Content starts

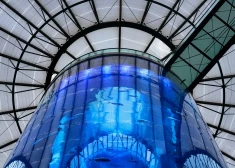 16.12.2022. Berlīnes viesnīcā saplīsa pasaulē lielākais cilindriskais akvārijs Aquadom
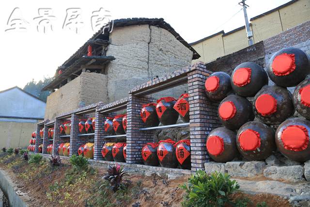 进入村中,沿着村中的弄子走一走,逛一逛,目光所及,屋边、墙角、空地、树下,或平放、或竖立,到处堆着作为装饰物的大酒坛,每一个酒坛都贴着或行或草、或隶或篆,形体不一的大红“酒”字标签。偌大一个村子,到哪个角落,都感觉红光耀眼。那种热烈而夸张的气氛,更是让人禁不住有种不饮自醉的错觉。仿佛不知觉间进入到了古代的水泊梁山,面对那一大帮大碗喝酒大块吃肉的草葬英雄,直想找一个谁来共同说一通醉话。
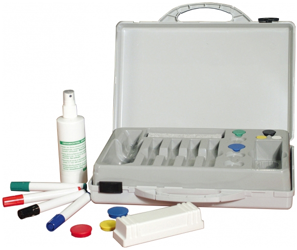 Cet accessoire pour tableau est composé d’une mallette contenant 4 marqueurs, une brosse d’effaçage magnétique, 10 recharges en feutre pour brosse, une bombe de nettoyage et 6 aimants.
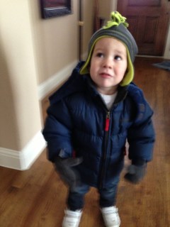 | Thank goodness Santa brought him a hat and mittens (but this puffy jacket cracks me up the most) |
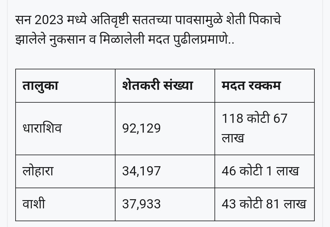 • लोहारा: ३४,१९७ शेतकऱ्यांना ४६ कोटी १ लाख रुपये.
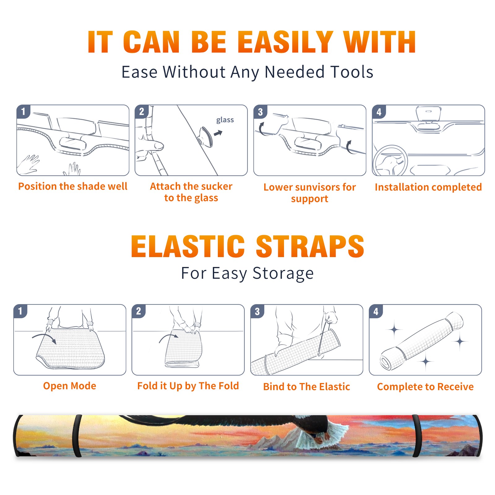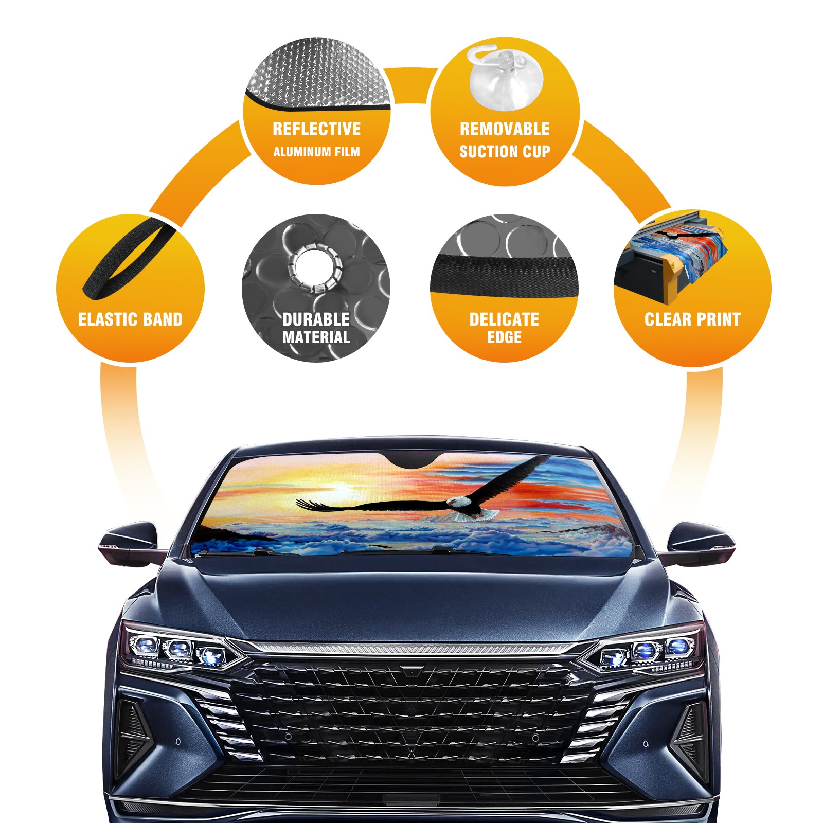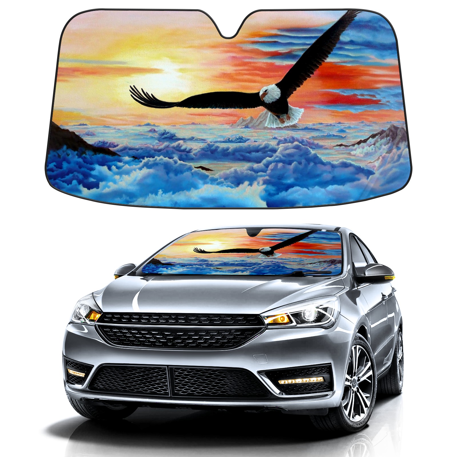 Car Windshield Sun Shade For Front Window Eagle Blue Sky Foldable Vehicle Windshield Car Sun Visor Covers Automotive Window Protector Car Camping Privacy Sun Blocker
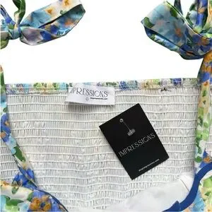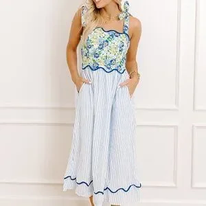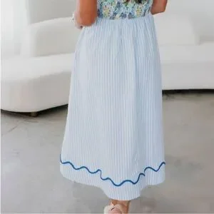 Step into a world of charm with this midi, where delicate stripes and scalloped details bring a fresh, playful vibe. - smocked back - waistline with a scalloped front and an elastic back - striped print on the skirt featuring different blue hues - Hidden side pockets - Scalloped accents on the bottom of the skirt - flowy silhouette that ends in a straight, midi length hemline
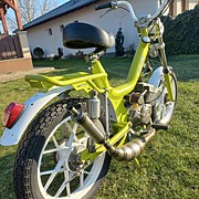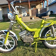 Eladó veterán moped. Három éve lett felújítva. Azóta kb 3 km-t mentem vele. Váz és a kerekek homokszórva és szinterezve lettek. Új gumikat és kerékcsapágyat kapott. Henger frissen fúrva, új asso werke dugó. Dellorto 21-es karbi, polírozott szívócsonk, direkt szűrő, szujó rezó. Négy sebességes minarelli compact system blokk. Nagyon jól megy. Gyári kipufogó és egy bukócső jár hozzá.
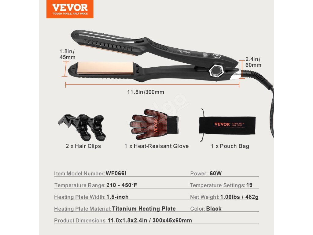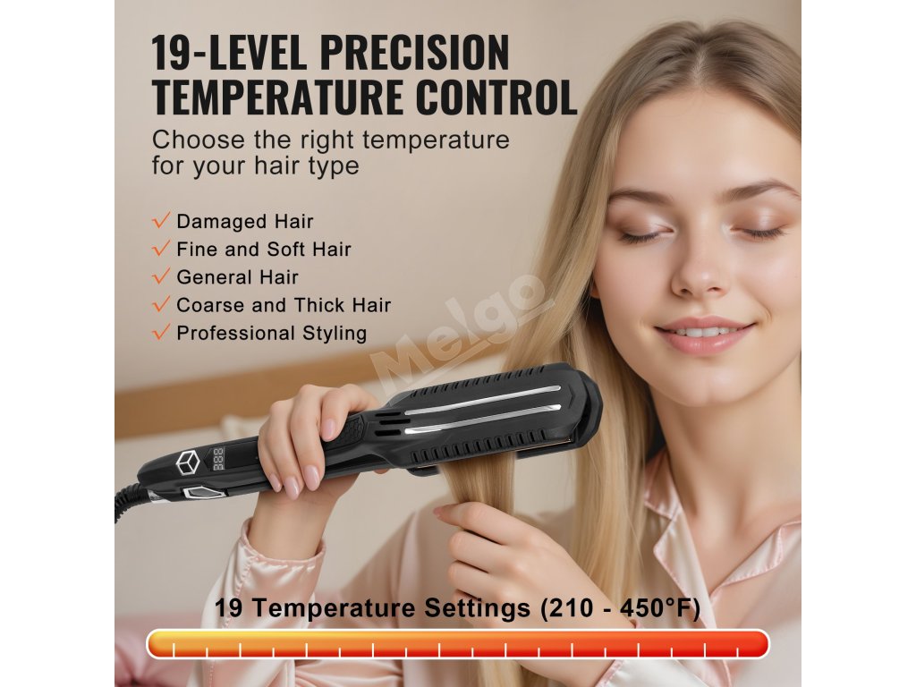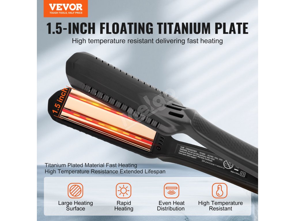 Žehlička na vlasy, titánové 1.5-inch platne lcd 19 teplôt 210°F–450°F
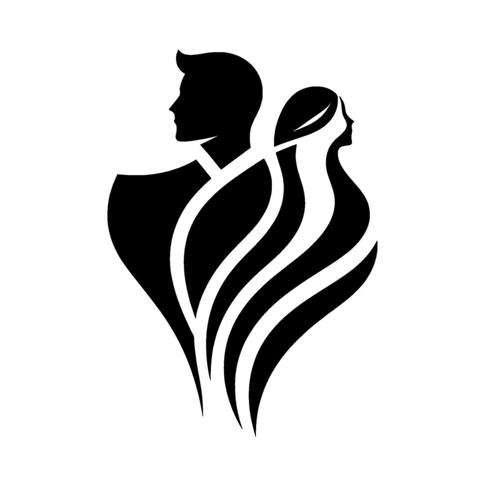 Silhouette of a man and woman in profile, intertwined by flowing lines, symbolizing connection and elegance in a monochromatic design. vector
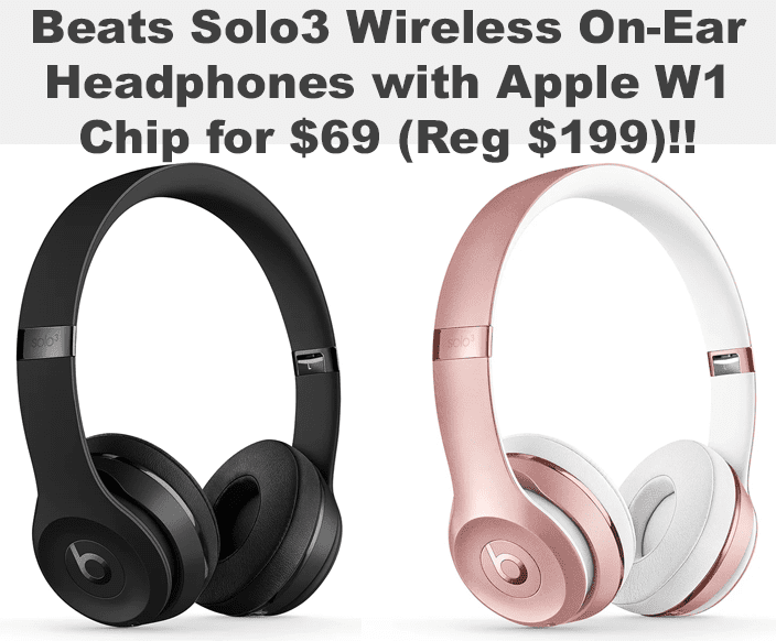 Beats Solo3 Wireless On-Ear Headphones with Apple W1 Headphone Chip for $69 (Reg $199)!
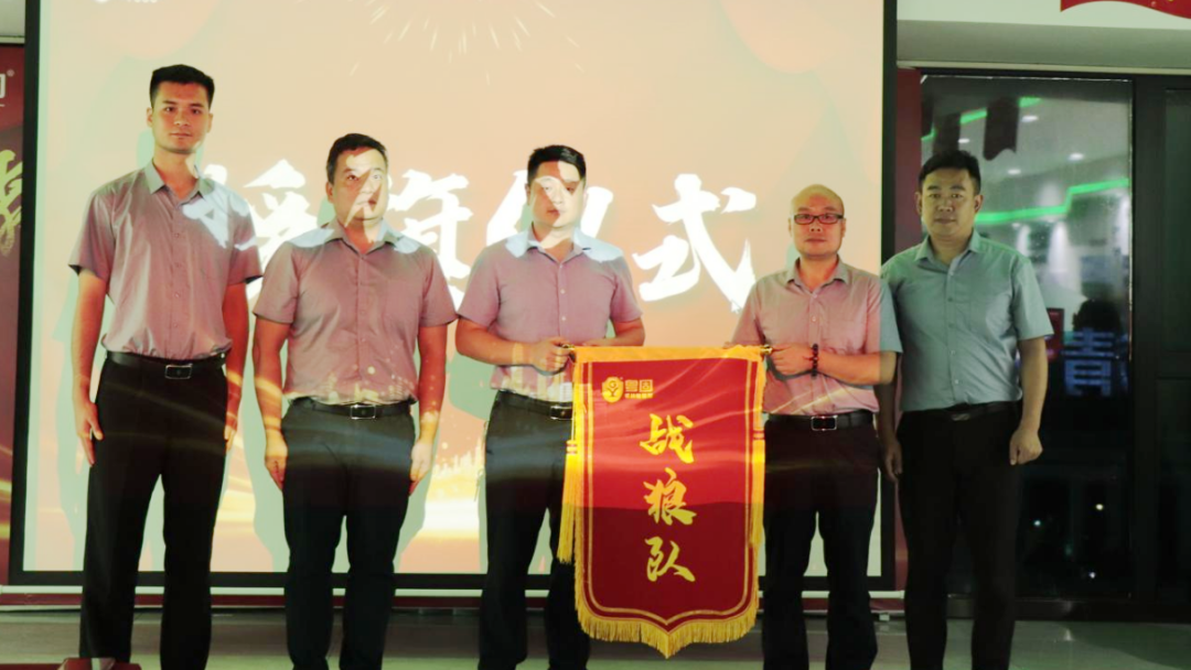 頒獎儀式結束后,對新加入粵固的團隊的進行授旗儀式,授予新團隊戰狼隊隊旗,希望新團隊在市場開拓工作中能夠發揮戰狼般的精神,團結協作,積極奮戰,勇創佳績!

Content ends

=== TASK DESCRIPTION ===
Each line above should be returned exactly as written, apart from any pictures.

=== RESPONSE FOR THIS EXERCISE ===
 16.12.2022. Berlīnes viesnīcā saplīsa pasaulē lielākais cilindriskais akvārijs Aquadom
 进入村中,沿着村中的弄子走一走,逛一逛,目光所及,屋边、墙角、空地、树下,或平放、或竖立,到处堆着作为装饰物的大酒坛,每一个酒坛都贴着或行或草、或隶或篆,形体不一的大红“酒”字标签。偌大一个村子,到哪个角落,都感觉红光耀眼。那种热烈而夸张的气氛,更是让人禁不住有种不饮自醉的错觉。仿佛不知觉间进入到了古代的水泊梁山,面对那一大帮大碗喝酒大块吃肉的草葬英雄,直想找一个谁来共同说一通醉话。
 Cet accessoire pour tableau est composé d’une mallette contenant 4 marqueurs, une brosse d’effaçage magnétique, 10 recharges en feutre pour brosse, une bombe de nettoyage et 6 aimants.
 | Thank goodness Santa brought him a hat and mittens (but this puffy jacket cracks me up the most) |
 • लोहारा: ३४,१९७ शेतकऱ्यांना ४६ कोटी १ लाख रुपये.
 Car Windshield Sun Shade For Front Window Eagle Blue Sky Foldable Vehicle Windshield Car Sun Visor Covers Automotive Window Protector Car Camping Privacy Sun Blocker
 Step into a world of charm with this midi, where delicate stripes and scalloped details bring a fresh, playful vibe. - smocked back - waistline with a scalloped front and an elastic back - striped print on the skirt featuring different blue hues - Hidden side pockets - Scalloped accents on the bottom of the skirt - flowy silhouette that ends in a straight, midi length hemline
 Eladó veterán moped. Három éve lett felújítva. Azóta kb 3 km-t mentem vele. Váz és a kerekek homokszórva és szinterezve lettek. Új gumikat és kerékcsapágyat kapott. Henger frissen fúrva, új asso werke dugó. Dellorto 21-es karbi, polírozott szívócsonk, direkt szűrő, szujó rezó. Négy sebességes minarelli compact system blokk. Nagyon jól megy. Gyári kipufogó és egy bukócső jár hozzá.
 Žehlička na vlasy, titánové 1.5-inch platne lcd 19 teplôt 210°F–450°F
 Silhouette of a man and woman in profile, intertwined by flowing lines, symbolizing connection and elegance in a monochromatic design. vector
 Beats Solo3 Wireless On-Ear Headphones with Apple W1 Headphone Chip for $69 (Reg $199)!
 頒獎儀式結束后,對新加入粵固的團隊的進行授旗儀式,授予新團隊戰狼隊隊旗,希望新團隊在市場開拓工作中能夠發揮戰狼般的精神,團結協作,積極奮戰,勇創佳績!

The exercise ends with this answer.